** Data under study follows **

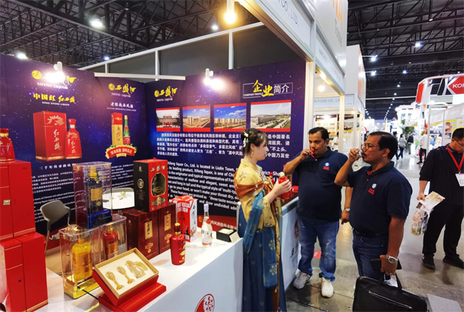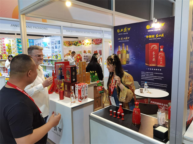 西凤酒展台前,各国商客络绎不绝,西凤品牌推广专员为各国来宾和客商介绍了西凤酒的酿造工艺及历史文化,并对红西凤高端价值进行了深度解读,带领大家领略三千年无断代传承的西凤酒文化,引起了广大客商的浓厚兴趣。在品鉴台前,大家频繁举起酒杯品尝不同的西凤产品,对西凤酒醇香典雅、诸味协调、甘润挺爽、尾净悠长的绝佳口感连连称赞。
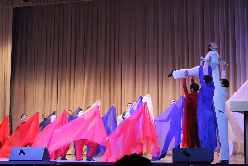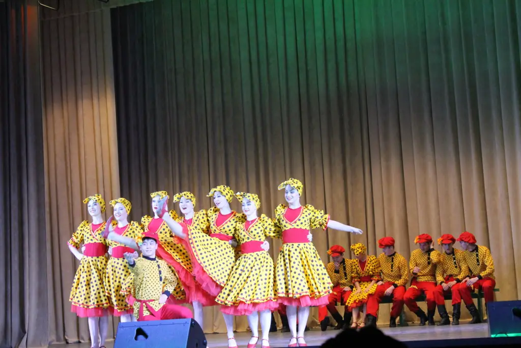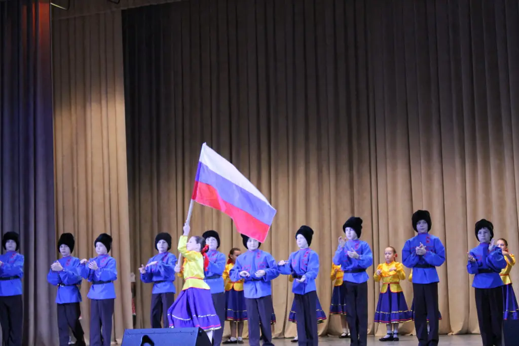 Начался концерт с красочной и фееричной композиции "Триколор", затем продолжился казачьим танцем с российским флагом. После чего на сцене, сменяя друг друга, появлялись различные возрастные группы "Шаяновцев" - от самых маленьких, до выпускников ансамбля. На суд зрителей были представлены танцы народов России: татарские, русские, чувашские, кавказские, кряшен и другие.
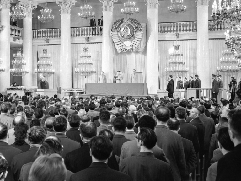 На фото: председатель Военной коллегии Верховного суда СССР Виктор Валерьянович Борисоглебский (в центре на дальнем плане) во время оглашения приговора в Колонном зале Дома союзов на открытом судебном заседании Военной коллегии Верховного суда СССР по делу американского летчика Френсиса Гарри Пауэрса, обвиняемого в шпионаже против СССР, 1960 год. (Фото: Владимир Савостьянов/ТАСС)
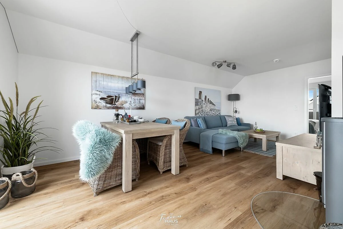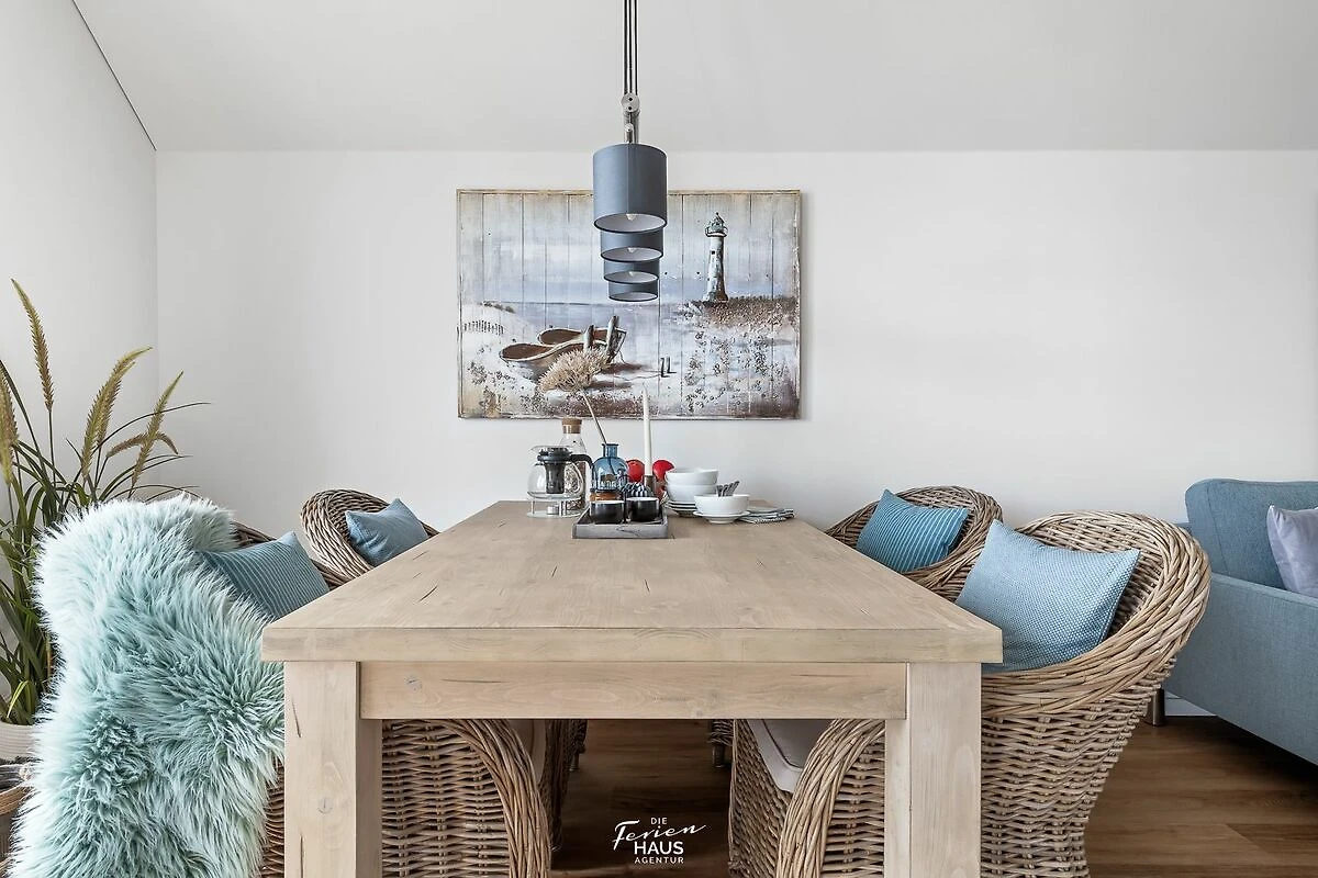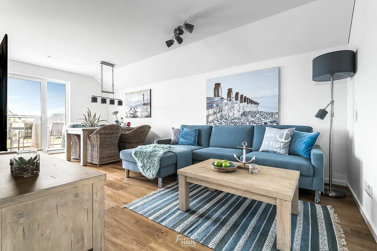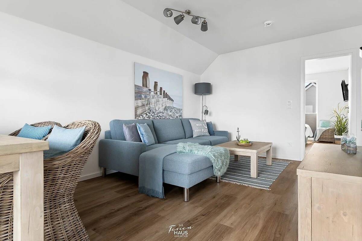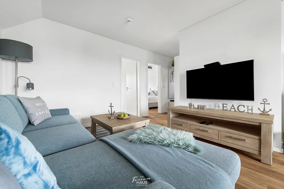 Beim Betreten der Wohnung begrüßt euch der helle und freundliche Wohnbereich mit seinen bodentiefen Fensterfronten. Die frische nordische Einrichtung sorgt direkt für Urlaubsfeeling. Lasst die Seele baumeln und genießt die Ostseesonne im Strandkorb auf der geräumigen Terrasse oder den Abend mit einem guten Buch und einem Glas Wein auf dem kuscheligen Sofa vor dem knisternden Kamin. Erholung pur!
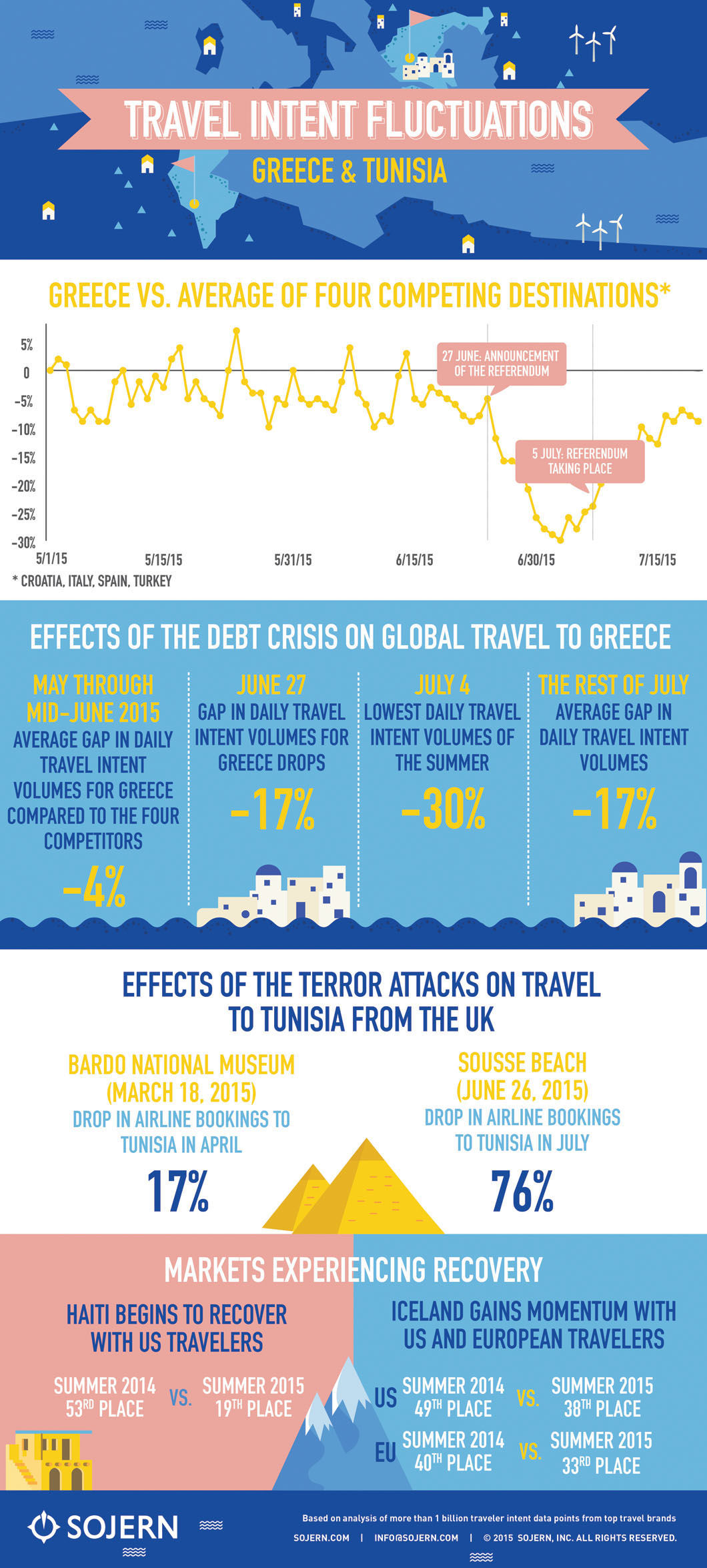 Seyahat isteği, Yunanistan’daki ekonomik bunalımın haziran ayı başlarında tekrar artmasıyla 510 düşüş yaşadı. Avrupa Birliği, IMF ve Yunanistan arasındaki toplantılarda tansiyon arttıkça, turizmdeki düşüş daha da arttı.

** End of Data under study **
** Data under study follows **

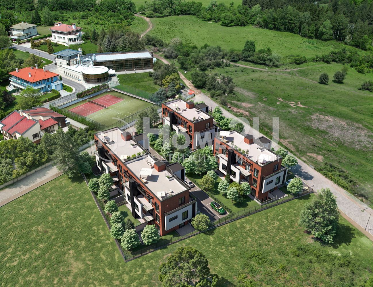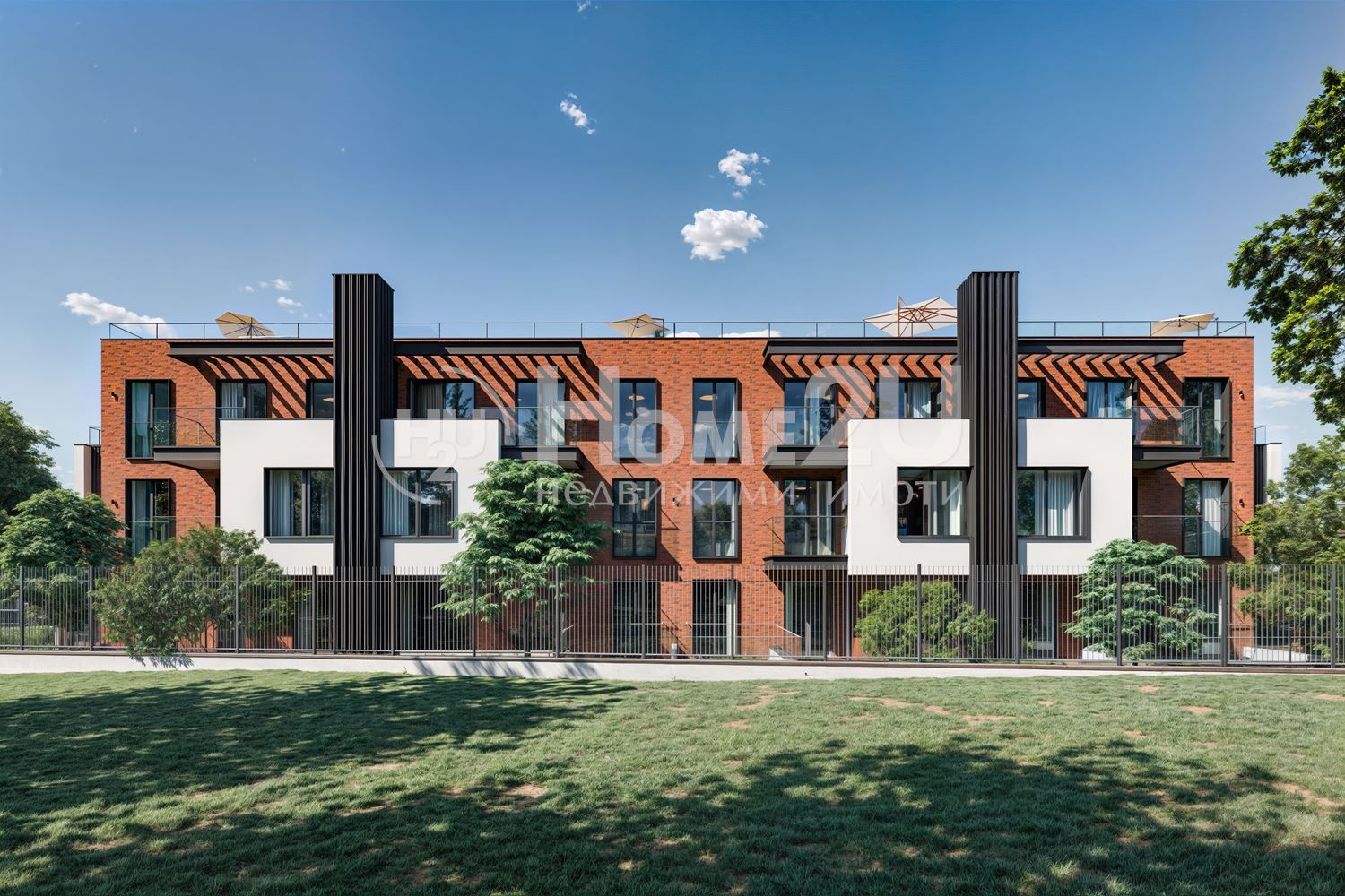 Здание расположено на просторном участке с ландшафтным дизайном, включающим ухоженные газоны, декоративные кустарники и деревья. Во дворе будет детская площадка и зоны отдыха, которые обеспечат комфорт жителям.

** End of Data under study **

**Problem:** All that should be printed is the run of lines above from the one with "На фото: председатель" through the one with "Seyahat isteği, Yunanistan’daki", both included, exactly as given, with pictures left out.

**Solution to this problem:**
 На фото: председатель Военной коллегии Верховного суда СССР Виктор Валерьянович Борисоглебский (в центре на дальнем плане) во время оглашения приговора в Колонном зале Дома союзов на открытом судебном заседании Военной коллегии Верховного суда СССР по делу американского летчика Френсиса Гарри Пауэрса, обвиняемого в шпионаже против СССР, 1960 год. (Фото: Владимир Савостьянов/ТАСС)
 Beim Betreten der Wohnung begrüßt euch der helle und freundliche Wohnbereich mit seinen bodentiefen Fensterfronten. Die frische nordische Einrichtung sorgt direkt für Urlaubsfeeling. Lasst die Seele baumeln und genießt die Ostseesonne im Strandkorb auf der geräumigen Terrasse oder den Abend mit einem guten Buch und einem Glas Wein auf dem kuscheligen Sofa vor dem knisternden Kamin. Erholung pur!
 Seyahat isteği, Yunanistan’daki ekonomik bunalımın haziran ayı başlarında tekrar artmasıyla 510 düşüş yaşadı. Avrupa Birliği, IMF ve Yunanistan arasındaki toplantılarda tansiyon arttıkça, turizmdeki düşüş daha da arttı.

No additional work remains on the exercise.